Saturday, 21 September 2013

Roast Tomato Sauce and Pesto Scones

If you've seen my Meal Planning Monday post for this week, you'll know that on Wednesday night we had left over gammon in tomato sauce with pasta.

I made the tomato sauce from a recipe in River Cottage Veg Every Day. You'll find more or less the same recipe on the Guardian website except that in the book, marjoram is added and mace omitted, and the sauce isn't reduced after sieving.



Our tomatoes are a delightful jumble of shapes, sizes and varieties, but all packed with flavour! After roasting, I put them through the mouli  - there was very little left behind to throw away and the sauce was rich and thick with a smokey, garlicky taste - the gammon I added was really unnecessary. I'm not going to show you a photo of the finished sauce because I forgot to take one  all tomato sauces look very much the same.

To serve with it, I made some pesto scones. They're not really a scone, more of a soda bread. But they are scone sized so I call them scones. There's logic in there somewhere.

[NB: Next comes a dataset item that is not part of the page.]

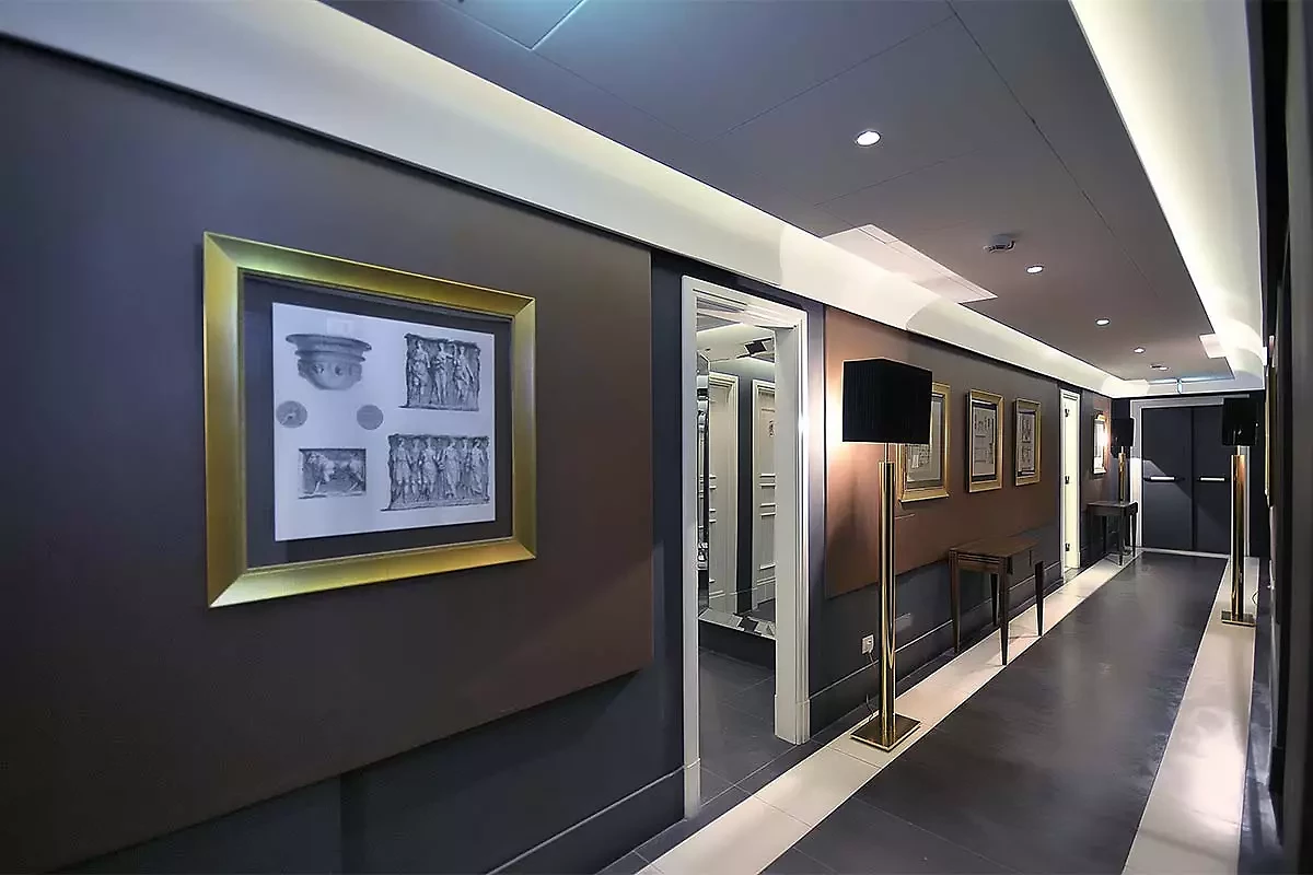 À l’arrière du vaste lobby, un piano-bar, un salon en mezzanine permet d’observer la rue. Au dernier étage, un bar intime et le restaurant se prolongent sur une véranda avec vue panoramique sur la ville.

To make about 8, you will need

250g plain flour
½ tsp salt
½ tsp bicarbonate of soda
about 200ml buttermilk
4-5 tbs pesto

Heat the oven to 230 C, Gas 8. Line a baking sheet with non-stick paper. Sieve together the flour, salt and baking powder. Quickly stir in the buttermilk, starting with about three quarters of it - you are looking for a dough that is just firm enough to roll out, yet as soft as you feel you can handle.

Roll it out on a floured surface to a rough rectangle about 25 x 15 cm. Spread the pesto over, roll up from the long edge and cut into approx. 8 slices. Place well apart on the baking sheet and bake for about 15 minutes, until well risen.


You can ring the changes by using  sun dried tomato paste or one of the different varieties of pesto available now, although I usually use home made traditional basil, pine nut and Parmesan pesto because we always have a supply of that in the freezer. Frozen in ice cube trays then tipped out into plastic bags, it's very convenient. One cube in my ice tray is one tablespoonful, so it's ready measured. It defrosts quickly, or can be dropped straight into soups and sauces.